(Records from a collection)
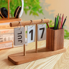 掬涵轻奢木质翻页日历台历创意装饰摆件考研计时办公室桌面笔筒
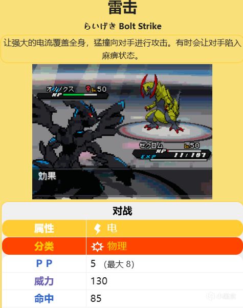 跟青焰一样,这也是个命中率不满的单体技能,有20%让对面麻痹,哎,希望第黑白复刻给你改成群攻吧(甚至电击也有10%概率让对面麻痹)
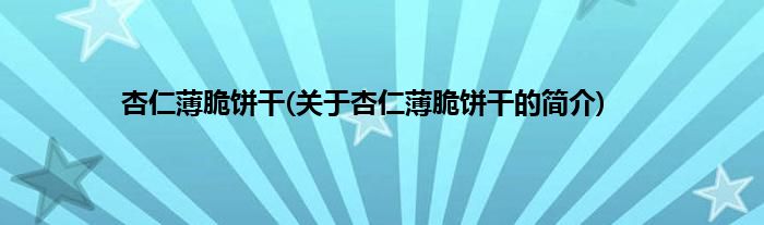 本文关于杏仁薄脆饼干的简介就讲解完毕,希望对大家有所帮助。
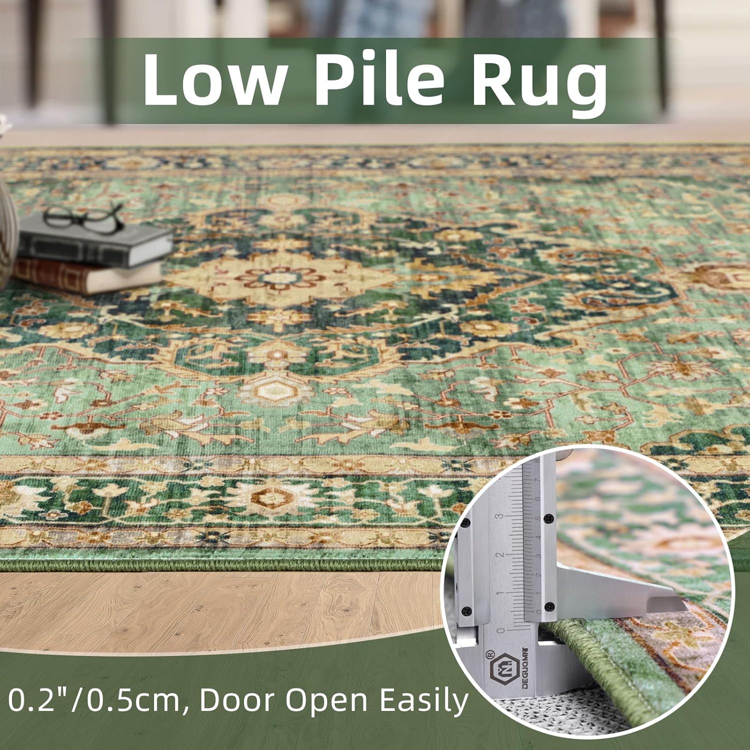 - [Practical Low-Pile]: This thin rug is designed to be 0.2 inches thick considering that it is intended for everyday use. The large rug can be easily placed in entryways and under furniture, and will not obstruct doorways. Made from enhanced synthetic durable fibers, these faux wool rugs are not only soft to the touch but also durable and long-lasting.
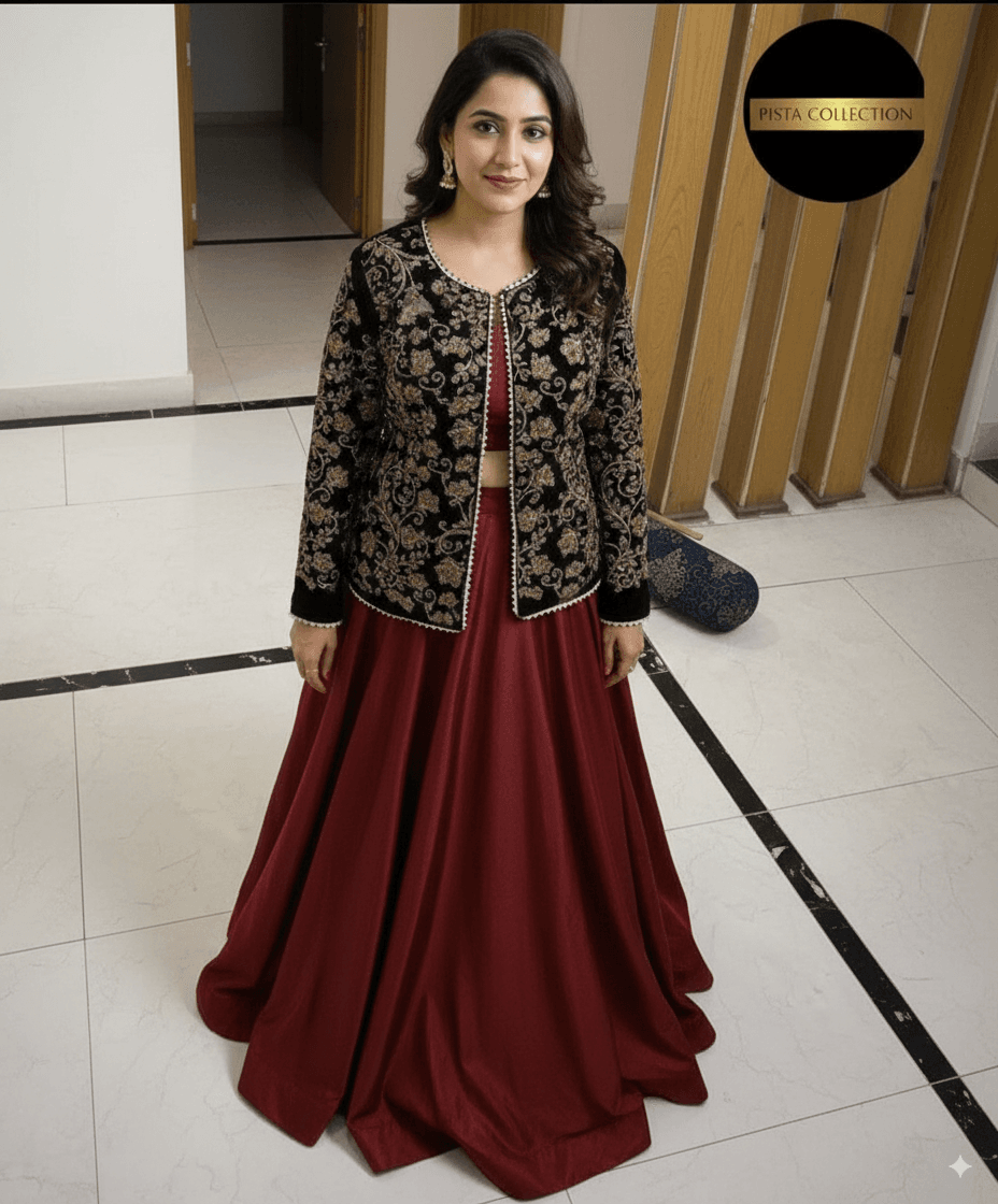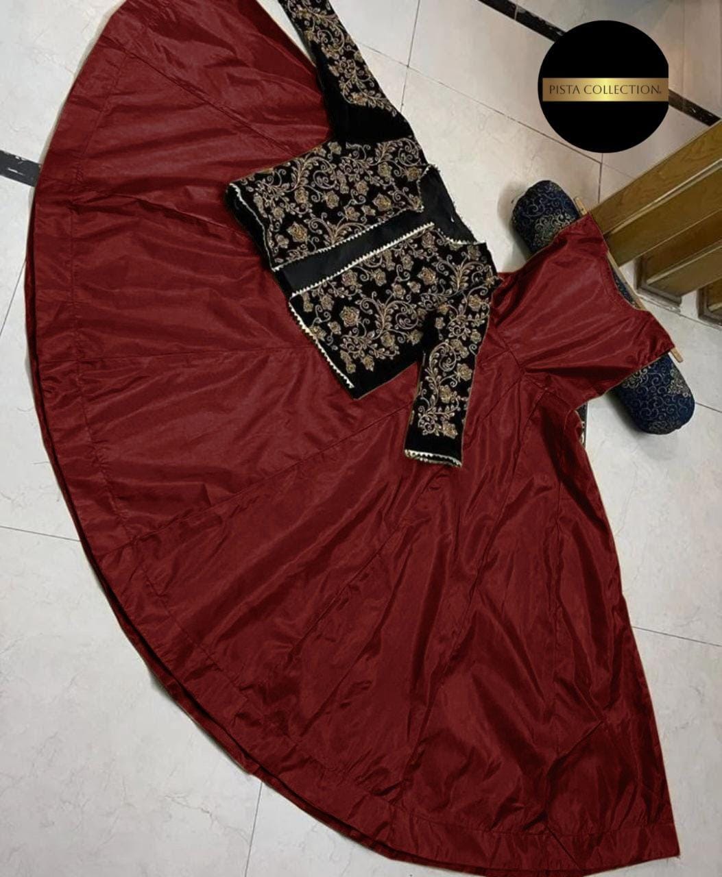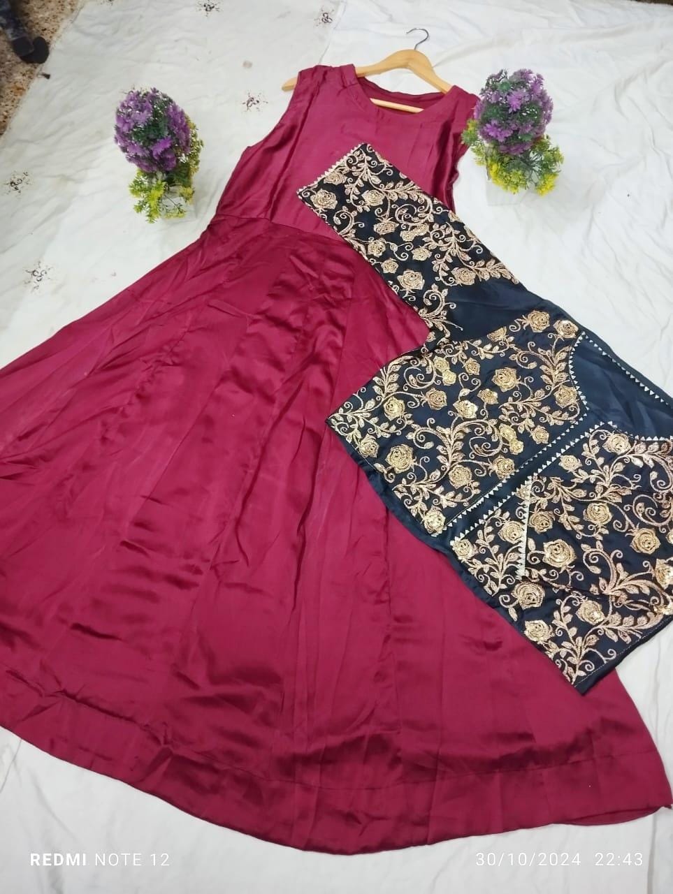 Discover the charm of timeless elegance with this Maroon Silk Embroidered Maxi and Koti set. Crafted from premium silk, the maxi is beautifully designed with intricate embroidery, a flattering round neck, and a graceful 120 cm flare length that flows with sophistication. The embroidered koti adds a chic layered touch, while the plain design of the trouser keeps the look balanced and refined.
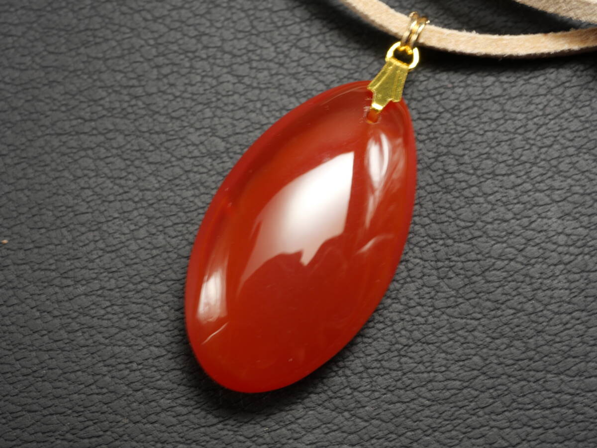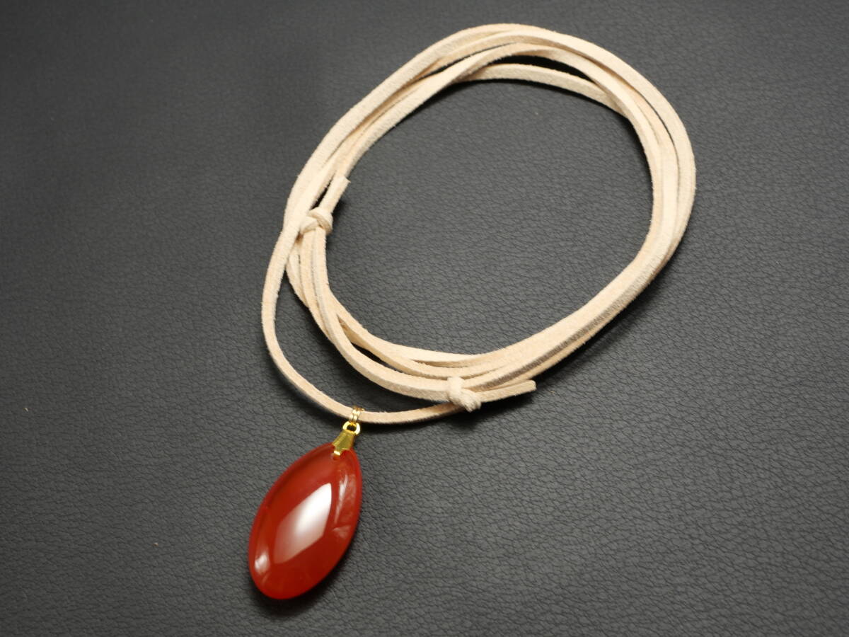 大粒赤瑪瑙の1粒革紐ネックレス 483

_ASSIGNMENT_
Begin at the line in the entries above that has "跟青焰一样,这也是个命中率不", stop after the line that has "- [Practical Low-Pile]: This", and output exactly those lines without pictures.

_YOUR RESPONSE_
 跟青焰一样,这也是个命中率不满的单体技能,有20%让对面麻痹,哎,希望第黑白复刻给你改成群攻吧(甚至电击也有10%概率让对面麻痹)
 本文关于杏仁薄脆饼干的简介就讲解完毕,希望对大家有所帮助。
 - [Practical Low-Pile]: This thin rug is designed to be 0.2 inches thick considering that it is intended for everyday use. The large rug can be easily placed in entryways and under furniture, and will not obstruct doorways. Made from enhanced synthetic durable fibers, these faux wool rugs are not only soft to the touch but also durable and long-lasting.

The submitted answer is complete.